Supplied records ::
◇ ◇ ◇

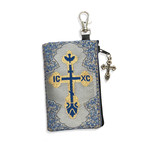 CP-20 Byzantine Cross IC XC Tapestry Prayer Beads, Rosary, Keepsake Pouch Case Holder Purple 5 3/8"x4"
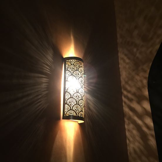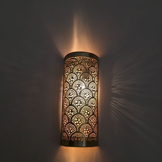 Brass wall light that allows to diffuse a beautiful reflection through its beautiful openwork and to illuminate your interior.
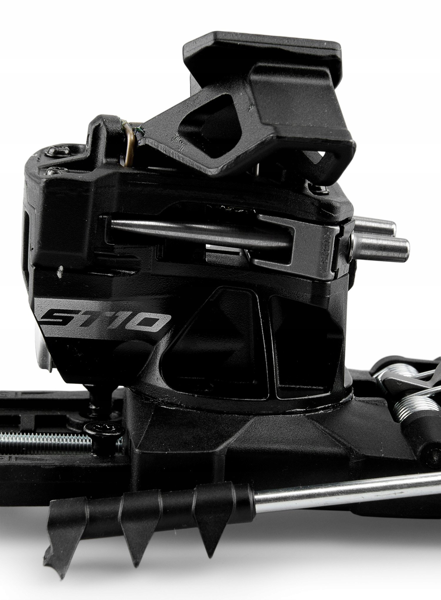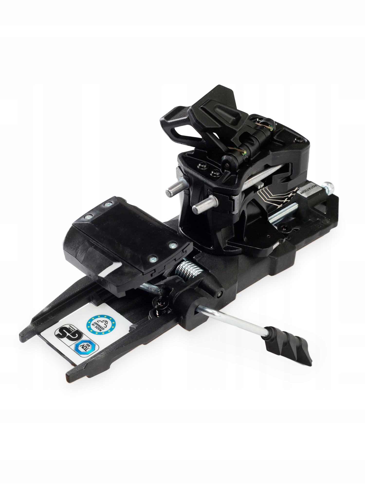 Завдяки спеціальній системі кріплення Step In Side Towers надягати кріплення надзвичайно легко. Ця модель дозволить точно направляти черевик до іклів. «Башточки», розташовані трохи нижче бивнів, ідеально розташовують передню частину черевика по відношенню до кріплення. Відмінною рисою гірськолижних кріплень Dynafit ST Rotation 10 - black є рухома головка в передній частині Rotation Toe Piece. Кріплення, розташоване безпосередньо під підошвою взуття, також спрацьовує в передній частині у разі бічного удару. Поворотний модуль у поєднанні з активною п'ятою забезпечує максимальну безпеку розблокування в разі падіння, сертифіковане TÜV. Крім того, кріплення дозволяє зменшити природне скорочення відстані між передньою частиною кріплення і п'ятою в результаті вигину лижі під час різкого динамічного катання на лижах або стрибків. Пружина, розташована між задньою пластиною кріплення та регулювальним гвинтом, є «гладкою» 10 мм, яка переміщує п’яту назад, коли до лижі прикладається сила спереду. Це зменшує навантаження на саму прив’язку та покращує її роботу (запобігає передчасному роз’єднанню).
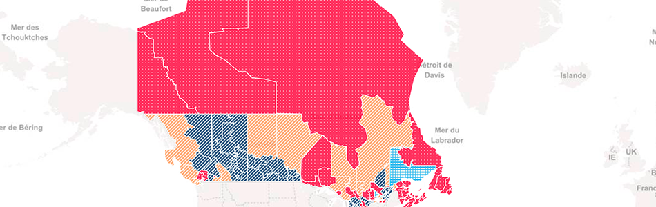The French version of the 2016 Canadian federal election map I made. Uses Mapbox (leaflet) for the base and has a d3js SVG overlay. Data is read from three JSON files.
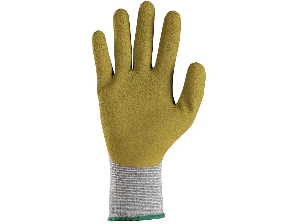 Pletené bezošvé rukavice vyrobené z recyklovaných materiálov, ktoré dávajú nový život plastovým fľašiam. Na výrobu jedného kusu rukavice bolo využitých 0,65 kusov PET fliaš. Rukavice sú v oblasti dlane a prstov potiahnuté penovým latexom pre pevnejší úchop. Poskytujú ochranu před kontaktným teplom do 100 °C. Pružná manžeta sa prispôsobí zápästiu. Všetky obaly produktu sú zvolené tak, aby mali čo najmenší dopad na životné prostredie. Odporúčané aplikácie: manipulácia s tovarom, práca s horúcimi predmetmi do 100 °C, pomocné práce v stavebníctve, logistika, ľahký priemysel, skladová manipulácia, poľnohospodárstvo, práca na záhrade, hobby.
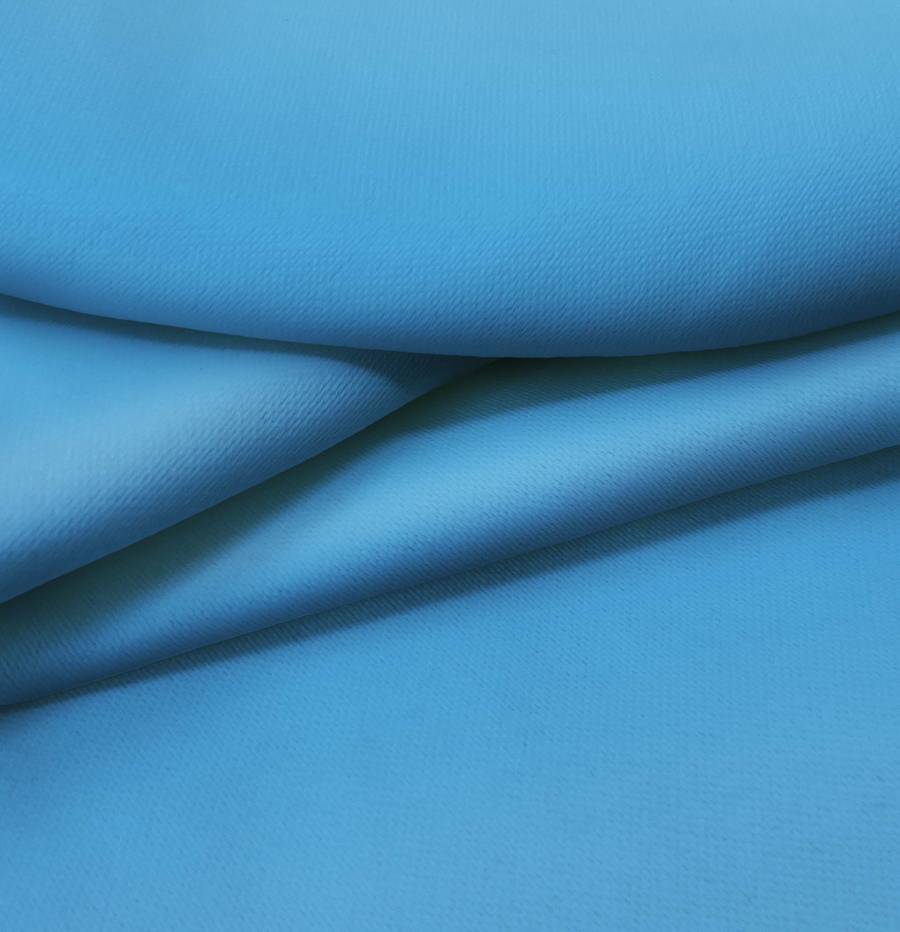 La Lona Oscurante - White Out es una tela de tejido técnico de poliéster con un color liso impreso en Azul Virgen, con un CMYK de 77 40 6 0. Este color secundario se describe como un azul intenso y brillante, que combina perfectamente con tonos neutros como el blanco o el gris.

◇ ◇ ◇

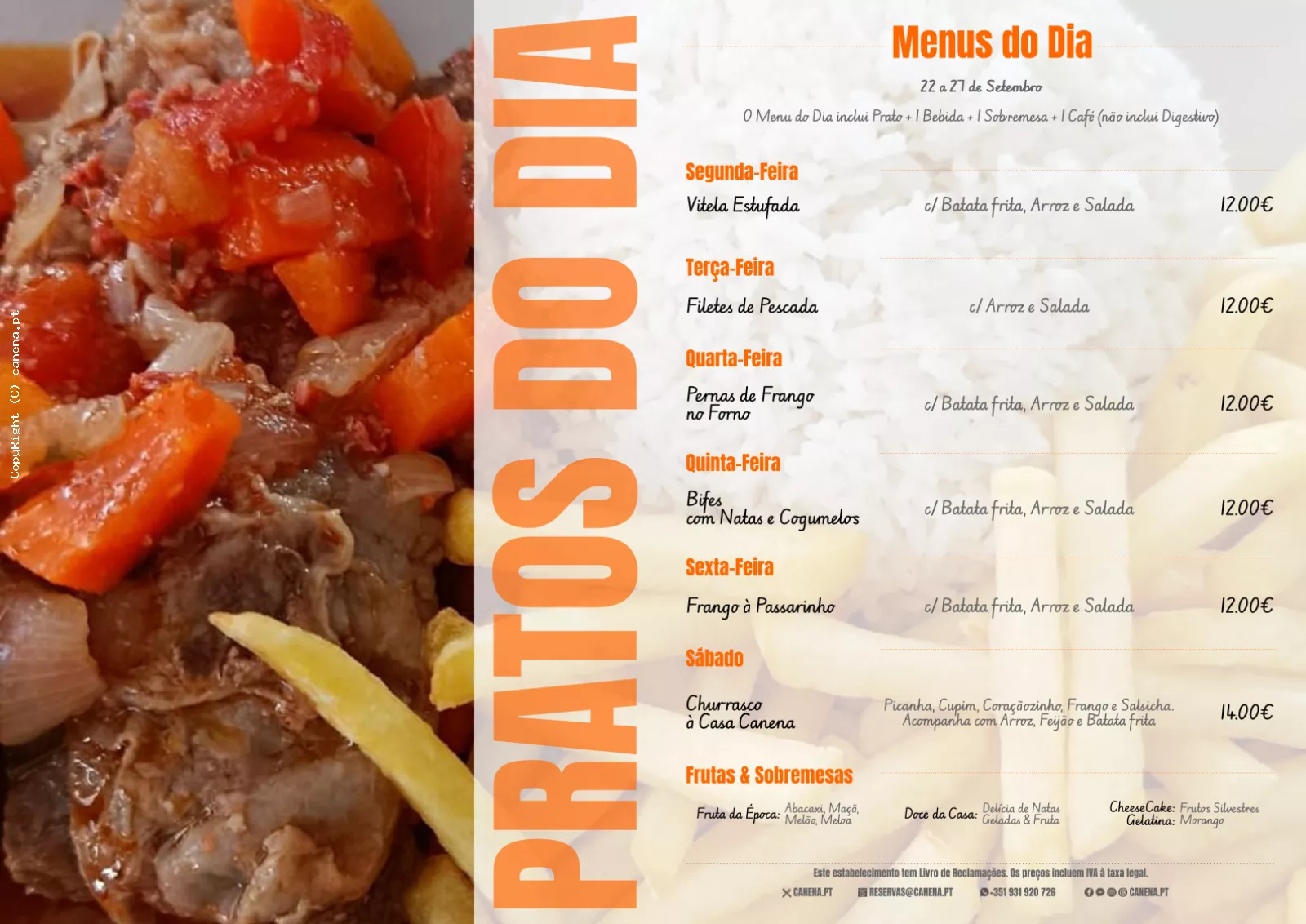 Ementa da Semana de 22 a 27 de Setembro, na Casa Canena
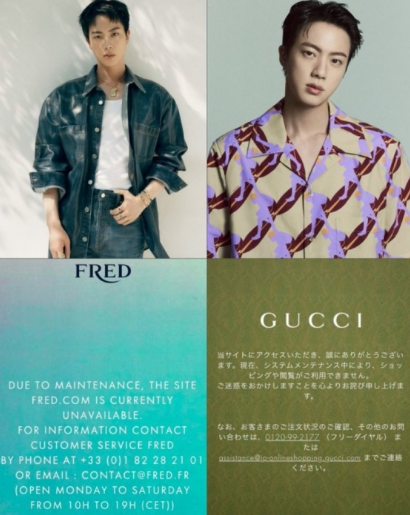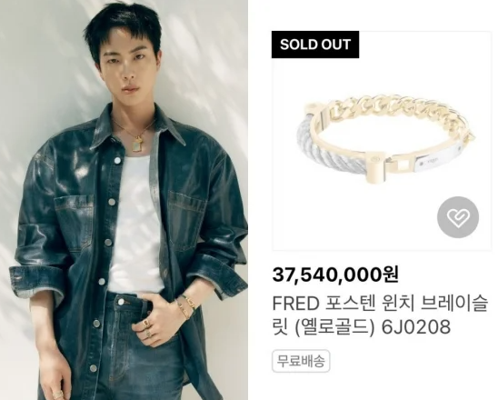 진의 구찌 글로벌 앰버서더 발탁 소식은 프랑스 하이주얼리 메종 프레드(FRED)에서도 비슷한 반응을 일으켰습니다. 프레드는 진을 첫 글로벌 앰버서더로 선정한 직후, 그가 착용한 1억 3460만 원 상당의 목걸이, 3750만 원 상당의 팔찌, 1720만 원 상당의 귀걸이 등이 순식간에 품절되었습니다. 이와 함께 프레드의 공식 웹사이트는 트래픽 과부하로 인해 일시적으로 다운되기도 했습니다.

◇ ◇ ◇

Work to be completed ::
Please repeat the lines of the material above exactly, starting with the line that contains "The French version" and ending with the line that contains "La Lona Oscurante". Leave the pictures out.

Output for this exercise ::
The French version of the 2016 Canadian federal election map I made. Uses Mapbox (leaflet) for the base and has a d3js SVG overlay. Data is read from three JSON files.
 Pletené bezošvé rukavice vyrobené z recyklovaných materiálov, ktoré dávajú nový život plastovým fľašiam. Na výrobu jedného kusu rukavice bolo využitých 0,65 kusov PET fliaš. Rukavice sú v oblasti dlane a prstov potiahnuté penovým latexom pre pevnejší úchop. Poskytujú ochranu před kontaktným teplom do 100 °C. Pružná manžeta sa prispôsobí zápästiu. Všetky obaly produktu sú zvolené tak, aby mali čo najmenší dopad na životné prostredie. Odporúčané aplikácie: manipulácia s tovarom, práca s horúcimi predmetmi do 100 °C, pomocné práce v stavebníctve, logistika, ľahký priemysel, skladová manipulácia, poľnohospodárstvo, práca na záhrade, hobby.
 La Lona Oscurante - White Out es una tela de tejido técnico de poliéster con un color liso impreso en Azul Virgen, con un CMYK de 77 40 6 0. Este color secundario se describe como un azul intenso y brillante, que combina perfectamente con tonos neutros como el blanco o el gris.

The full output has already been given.